*Data excerpts:*

• • • •

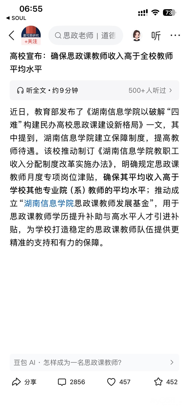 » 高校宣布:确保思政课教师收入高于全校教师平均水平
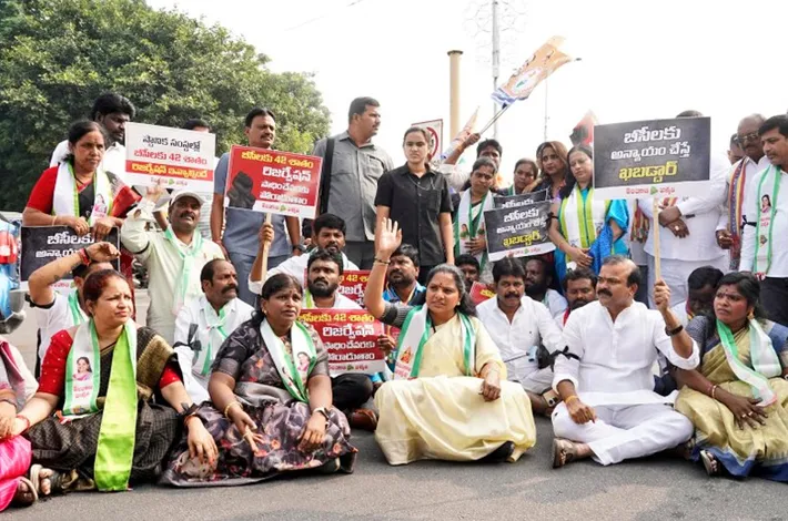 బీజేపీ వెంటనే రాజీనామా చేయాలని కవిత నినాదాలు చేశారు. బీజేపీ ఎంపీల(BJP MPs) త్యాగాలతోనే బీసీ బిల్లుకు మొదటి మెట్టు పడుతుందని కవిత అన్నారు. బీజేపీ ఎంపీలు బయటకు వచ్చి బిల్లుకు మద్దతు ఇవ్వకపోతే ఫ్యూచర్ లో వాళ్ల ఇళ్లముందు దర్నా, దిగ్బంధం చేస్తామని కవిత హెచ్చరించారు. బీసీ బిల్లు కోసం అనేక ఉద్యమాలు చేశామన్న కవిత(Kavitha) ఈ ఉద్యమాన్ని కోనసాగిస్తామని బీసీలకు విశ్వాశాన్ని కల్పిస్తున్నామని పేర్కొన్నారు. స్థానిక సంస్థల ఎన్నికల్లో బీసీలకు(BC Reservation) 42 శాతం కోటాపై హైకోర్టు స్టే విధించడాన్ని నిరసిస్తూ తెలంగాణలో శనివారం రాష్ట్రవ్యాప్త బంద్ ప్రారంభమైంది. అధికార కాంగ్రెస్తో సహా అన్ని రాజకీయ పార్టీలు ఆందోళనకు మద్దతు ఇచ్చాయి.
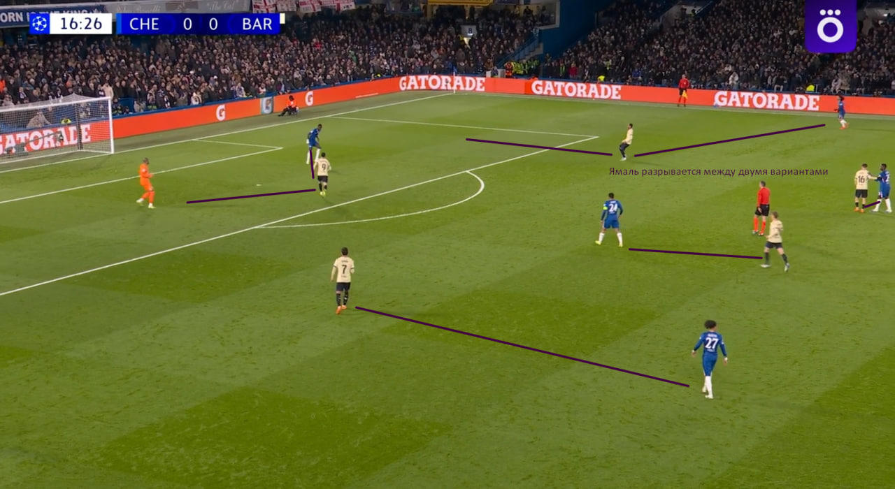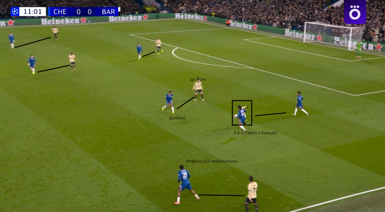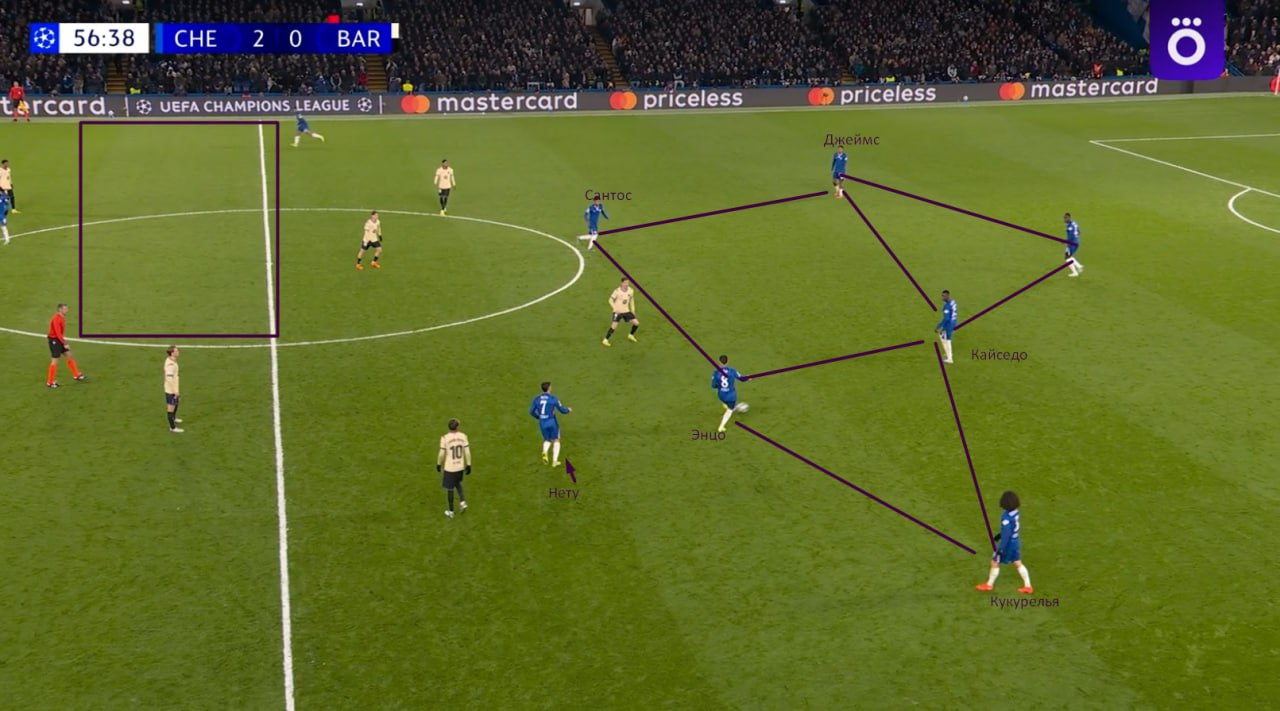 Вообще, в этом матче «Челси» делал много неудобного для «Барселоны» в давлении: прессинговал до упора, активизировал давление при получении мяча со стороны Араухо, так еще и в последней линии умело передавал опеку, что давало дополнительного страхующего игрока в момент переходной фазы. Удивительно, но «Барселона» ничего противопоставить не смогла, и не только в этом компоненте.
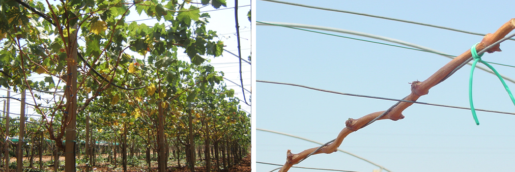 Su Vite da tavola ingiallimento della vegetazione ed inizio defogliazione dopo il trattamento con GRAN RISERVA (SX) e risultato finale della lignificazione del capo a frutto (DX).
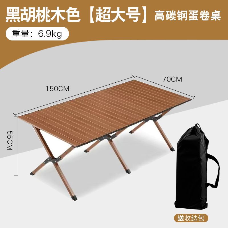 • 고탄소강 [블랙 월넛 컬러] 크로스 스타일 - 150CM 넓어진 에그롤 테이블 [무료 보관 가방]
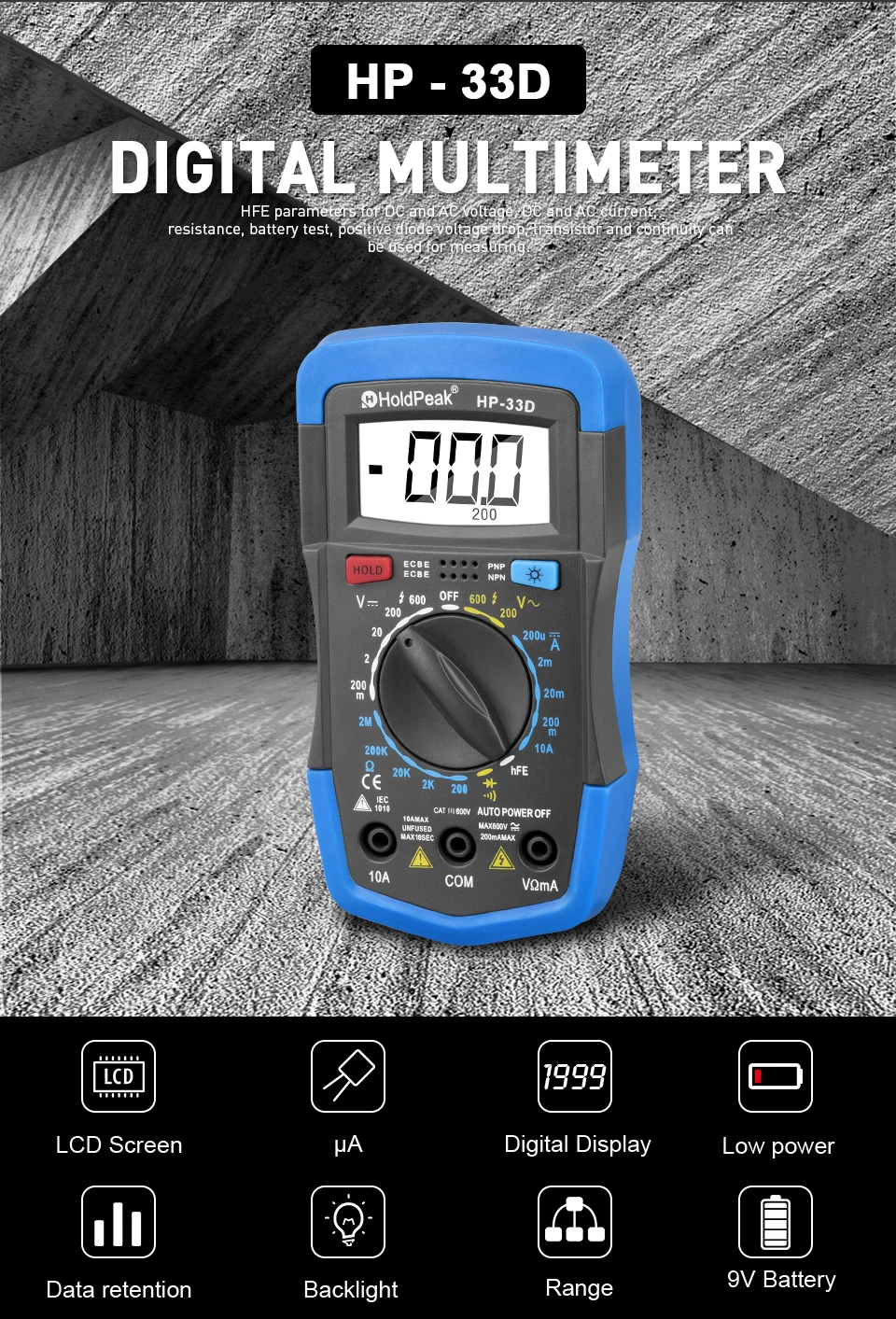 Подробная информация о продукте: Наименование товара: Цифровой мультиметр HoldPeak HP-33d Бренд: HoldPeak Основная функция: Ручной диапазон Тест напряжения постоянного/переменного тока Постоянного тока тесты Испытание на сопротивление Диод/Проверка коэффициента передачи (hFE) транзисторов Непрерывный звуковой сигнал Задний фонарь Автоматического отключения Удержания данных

• • • •

The records above must be echoed exactly, minus their pictures.

*Result of this exercise:*
 » 高校宣布:确保思政课教师收入高于全校教师平均水平
 బీజేపీ వెంటనే రాజీనామా చేయాలని కవిత నినాదాలు చేశారు. బీజేపీ ఎంపీల(BJP MPs) త్యాగాలతోనే బీసీ బిల్లుకు మొదటి మెట్టు పడుతుందని కవిత అన్నారు. బీజేపీ ఎంపీలు బయటకు వచ్చి బిల్లుకు మద్దతు ఇవ్వకపోతే ఫ్యూచర్ లో వాళ్ల ఇళ్లముందు దర్నా, దిగ్బంధం చేస్తామని కవిత హెచ్చరించారు. బీసీ బిల్లు కోసం అనేక ఉద్యమాలు చేశామన్న కవిత(Kavitha) ఈ ఉద్యమాన్ని కోనసాగిస్తామని బీసీలకు విశ్వాశాన్ని కల్పిస్తున్నామని పేర్కొన్నారు. స్థానిక సంస్థల ఎన్నికల్లో బీసీలకు(BC Reservation) 42 శాతం కోటాపై హైకోర్టు స్టే విధించడాన్ని నిరసిస్తూ తెలంగాణలో శనివారం రాష్ట్రవ్యాప్త బంద్ ప్రారంభమైంది. అధికార కాంగ్రెస్తో సహా అన్ని రాజకీయ పార్టీలు ఆందోళనకు మద్దతు ఇచ్చాయి.
 Вообще, в этом матче «Челси» делал много неудобного для «Барселоны» в давлении: прессинговал до упора, активизировал давление при получении мяча со стороны Араухо, так еще и в последней линии умело передавал опеку, что давало дополнительного страхующего игрока в момент переходной фазы. Удивительно, но «Барселона» ничего противопоставить не смогла, и не только в этом компоненте.
 Su Vite da tavola ingiallimento della vegetazione ed inizio defogliazione dopo il trattamento con GRAN RISERVA (SX) e risultato finale della lignificazione del capo a frutto (DX).
 • 고탄소강 [블랙 월넛 컬러] 크로스 스타일 - 150CM 넓어진 에그롤 테이블 [무료 보관 가방]
 Подробная информация о продукте: Наименование товара: Цифровой мультиметр HoldPeak HP-33d Бренд: HoldPeak Основная функция: Ручной диапазон Тест напряжения постоянного/переменного тока Постоянного тока тесты Испытание на сопротивление Диод/Проверка коэффициента передачи (hFE) транзисторов Непрерывный звуковой сигнал Задний фонарь Автоматического отключения Удержания данных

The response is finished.